* [WORK INSTRUCTION]: All records below are to be repeated exactly, with the pictures left out.
──────────
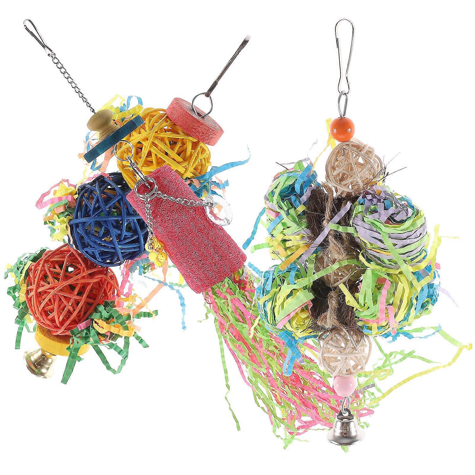 Bird Chew Toys 3Pcs Parrot Toy Designed for Playtime and Daily Use Made of Durable Wood and Wrinkled Paper to Enhance Bird Engagement
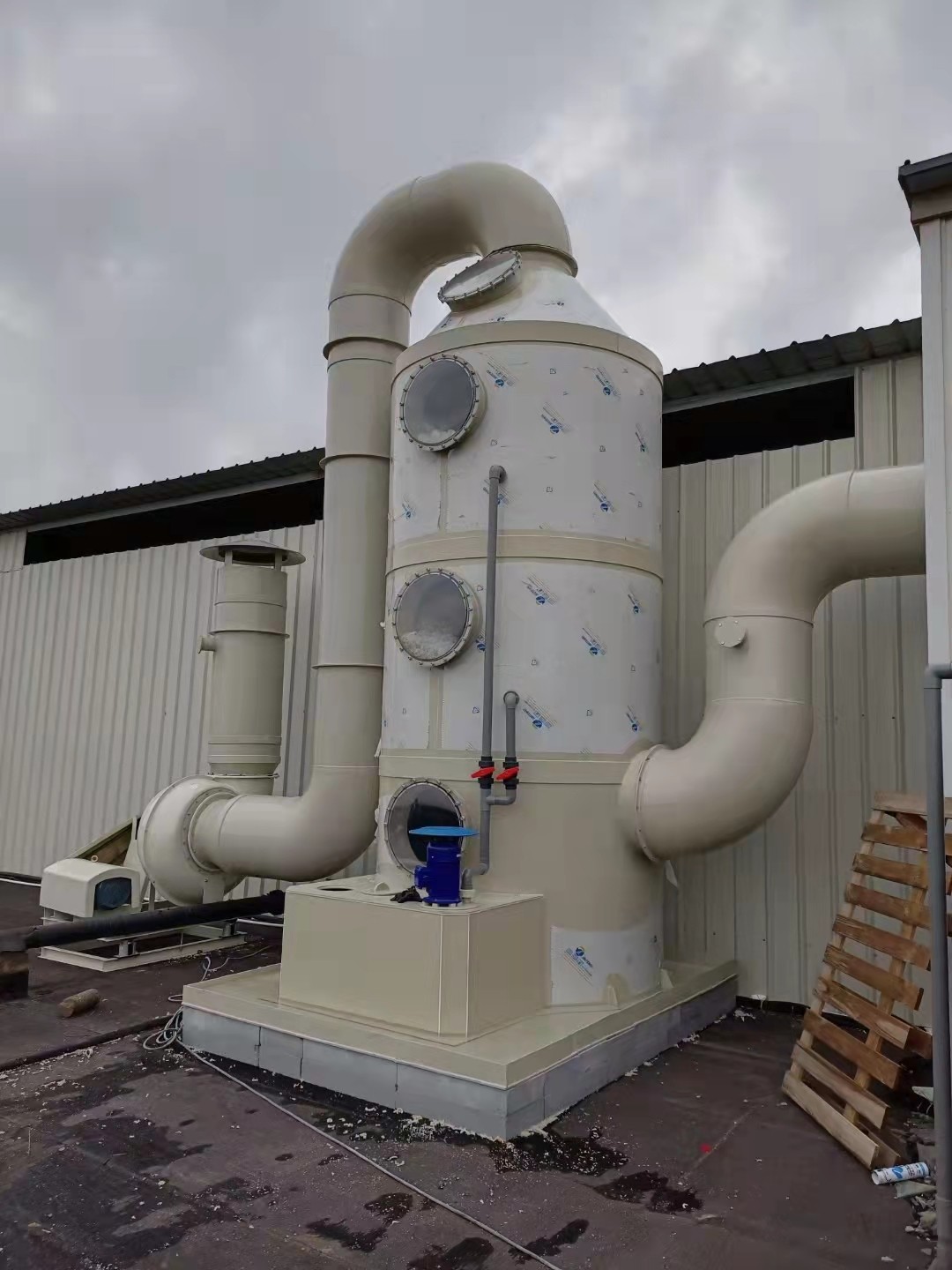 工作原理:涉及廢氣與噴淋液體的接觸和反應(yīng)。廢氣首先被引入噴淋塔的底部,然后通過塔內(nèi)設(shè)置的填料層。在這個(gè)過程中,廢氣與填料充分接觸,填料表面的液膜增大了氣液接觸面積,提高了吸收效率。塔頂設(shè)置的噴淋裝置會(huì)向下噴淋液體,這些液體通常是水或含有化學(xué)藥劑的溶液。當(dāng)噴淋液體與廢氣接觸時(shí),廢氣中的有害物質(zhì)會(huì)被液體吸收或發(fā)生化學(xué)反應(yīng),從而達(dá)到凈化廢氣的目的。經(jīng)過噴淋塔處理后的廢氣,其有害物質(zhì)濃度會(huì)大幅降低,達(dá)到國家排放標(biāo)準(zhǔn),再排放到大氣中。
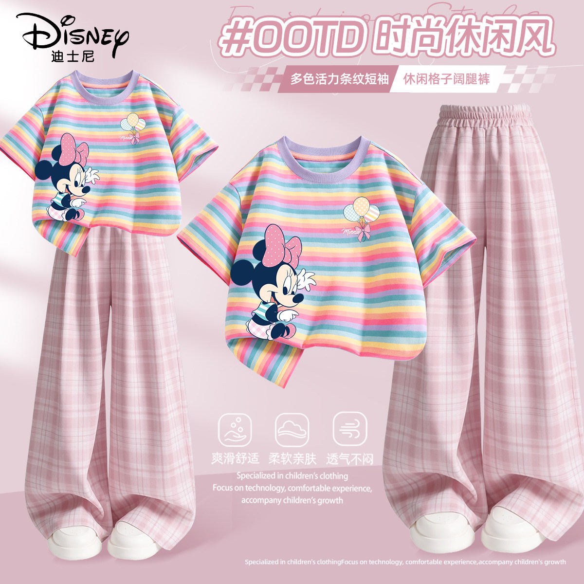迪士尼女童夏套装2026新款夏季薄款纯棉短袖休闲透气儿童夏装裤子
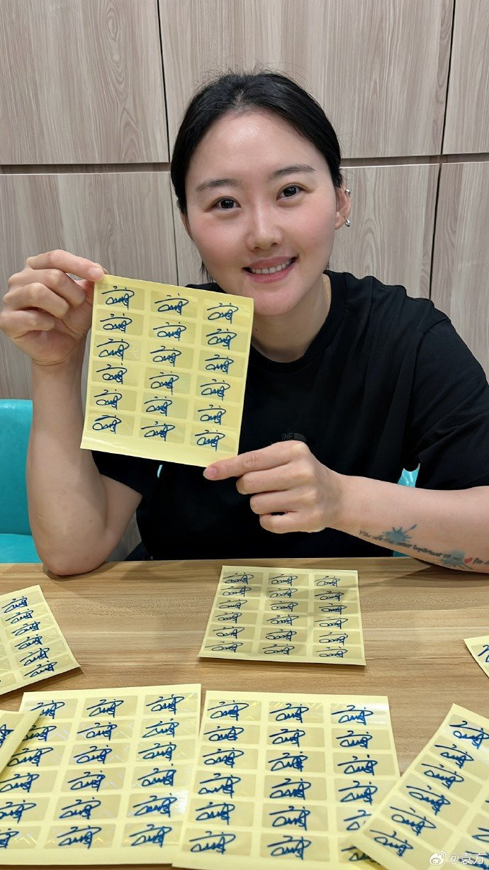 两人手捧奶茶进行合影,武桐桐还认真地签着名,每个签名如同复制粘贴般规整。
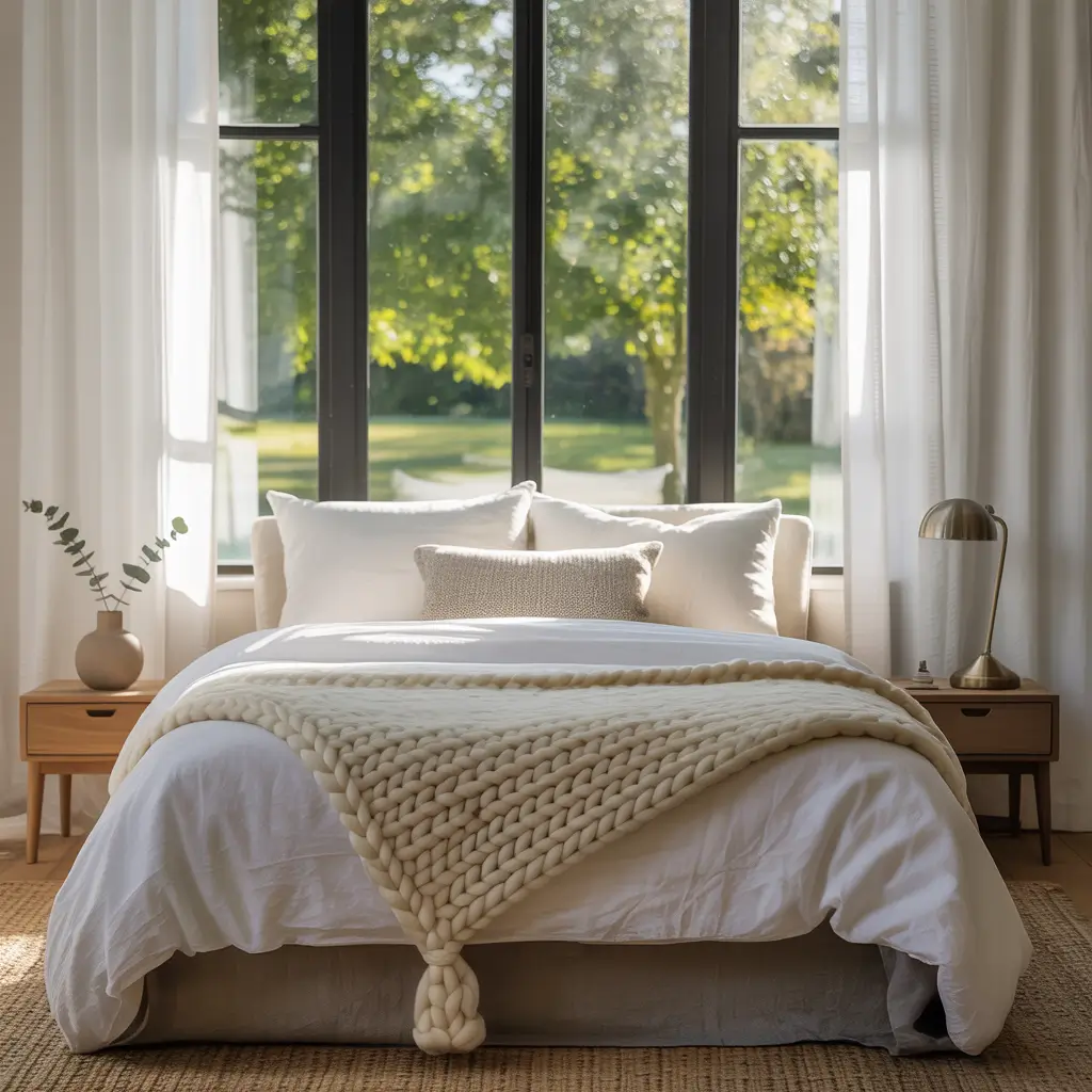 - Layers of natural textiles (linen sheets, wool throws, cotton rugs)
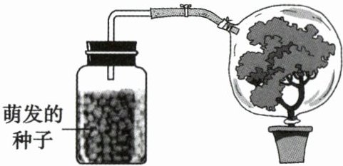 4.C【解析】二氧化碳是光合作用的原料,若打开开关,种子萌发产生的二氧化碳能到达植物的叶片,植物的光合作用增强,产生较多的氧气,使种子的呼吸作用也增强,产生的二氧化碳增多,A、B错误。种子在萌发过程中,呼吸作用旺盛,分解种子内的有机物,C正确。植物在光下进行光合作用,绿色植物的有机物不会减少,D错误。故答案为C。
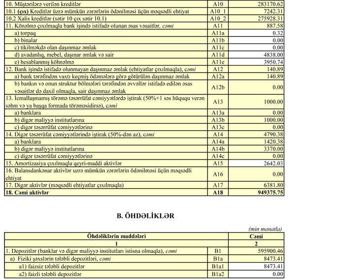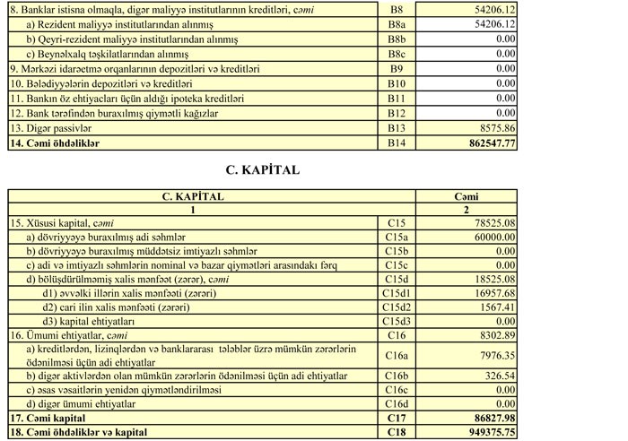 Bu ilin ilk rübündə 2 milyon 515 min manat əməliyyat mənfəətinin 575.92 min manatı aktivlər üzrə mümkün zərərlərin ödənilməsi üçün xüsusi ehtiyatın yaradılmasına ayırılıb. Ötən ilin ilk rübündə Bankın 2 milyon 659 min manat əməliyyat mənfəətinin üzərinə ehtiyatlardan azad edilmiş 568.57 min manat əlavə edilmişdi. Əsasən bu səbəbdən ötən ilin birinci rübündə bankın xalis mənfəəti yüksək olmuşdu.
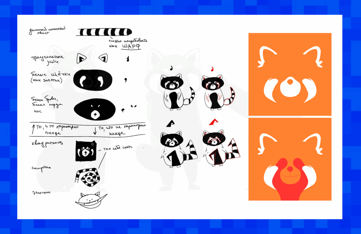Потом — выбор. Вместе с клиентом утвердили красную панду и начали развивать её характер.
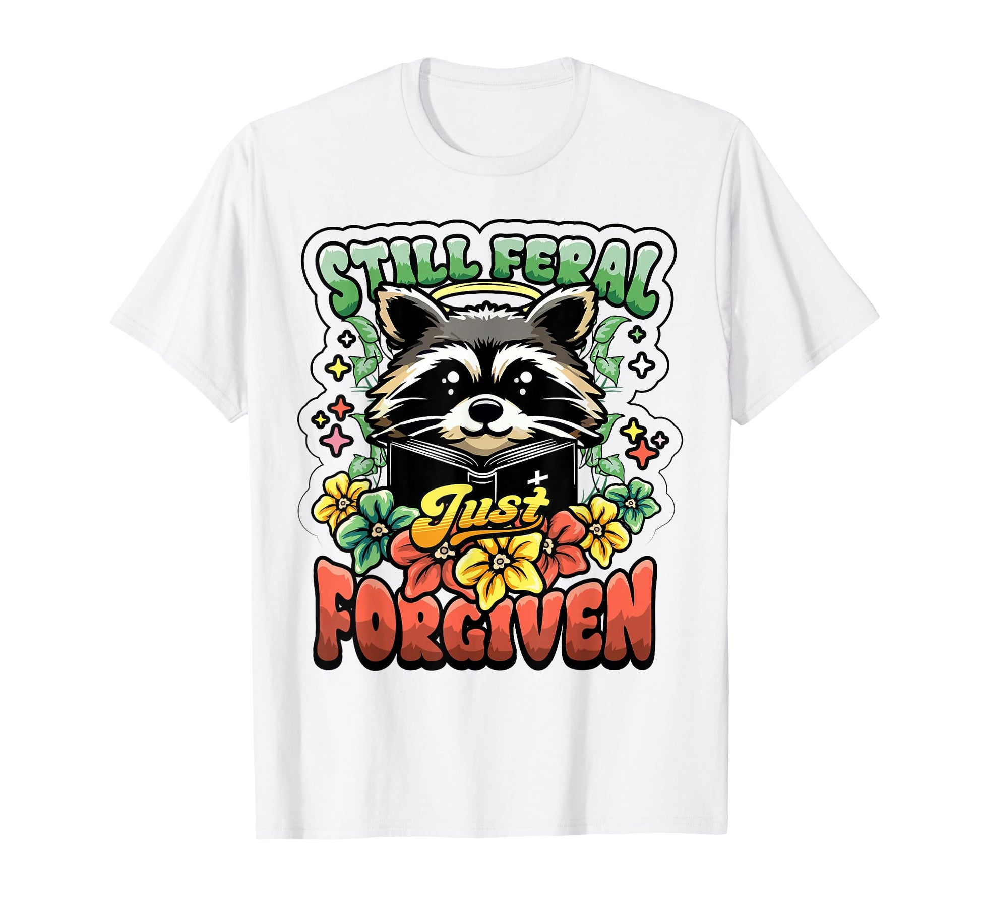 Religious Christian Raccoon Still Feral Just Forgiven Faith T-Shirt
──────────
* [RESULT FOR THIS EXERCISE]:
 Bird Chew Toys 3Pcs Parrot Toy Designed for Playtime and Daily Use Made of Durable Wood and Wrinkled Paper to Enhance Bird Engagement
 工作原理:涉及廢氣與噴淋液體的接觸和反應(yīng)。廢氣首先被引入噴淋塔的底部,然后通過塔內(nèi)設(shè)置的填料層。在這個(gè)過程中,廢氣與填料充分接觸,填料表面的液膜增大了氣液接觸面積,提高了吸收效率。塔頂設(shè)置的噴淋裝置會(huì)向下噴淋液體,這些液體通常是水或含有化學(xué)藥劑的溶液。當(dāng)噴淋液體與廢氣接觸時(shí),廢氣中的有害物質(zhì)會(huì)被液體吸收或發(fā)生化學(xué)反應(yīng),從而達(dá)到凈化廢氣的目的。經(jīng)過噴淋塔處理后的廢氣,其有害物質(zhì)濃度會(huì)大幅降低,達(dá)到國家排放標(biāo)準(zhǔn),再排放到大氣中。
迪士尼女童夏套装2026新款夏季薄款纯棉短袖休闲透气儿童夏装裤子
 两人手捧奶茶进行合影,武桐桐还认真地签着名,每个签名如同复制粘贴般规整。
 - Layers of natural textiles (linen sheets, wool throws, cotton rugs)
 4.C【解析】二氧化碳是光合作用的原料,若打开开关,种子萌发产生的二氧化碳能到达植物的叶片,植物的光合作用增强,产生较多的氧气,使种子的呼吸作用也增强,产生的二氧化碳增多,A、B错误。种子在萌发过程中,呼吸作用旺盛,分解种子内的有机物,C正确。植物在光下进行光合作用,绿色植物的有机物不会减少,D错误。故答案为C。
 Bu ilin ilk rübündə 2 milyon 515 min manat əməliyyat mənfəətinin 575.92 min manatı aktivlər üzrə mümkün zərərlərin ödənilməsi üçün xüsusi ehtiyatın yaradılmasına ayırılıb. Ötən ilin ilk rübündə Bankın 2 milyon 659 min manat əməliyyat mənfəətinin üzərinə ehtiyatlardan azad edilmiş 568.57 min manat əlavə edilmişdi. Əsasən bu səbəbdən ötən ilin birinci rübündə bankın xalis mənfəəti yüksək olmuşdu.
Потом — выбор. Вместе с клиентом утвердили красную панду и начали развивать её характер.
 Religious Christian Raccoon Still Feral Just Forgiven Faith T-Shirt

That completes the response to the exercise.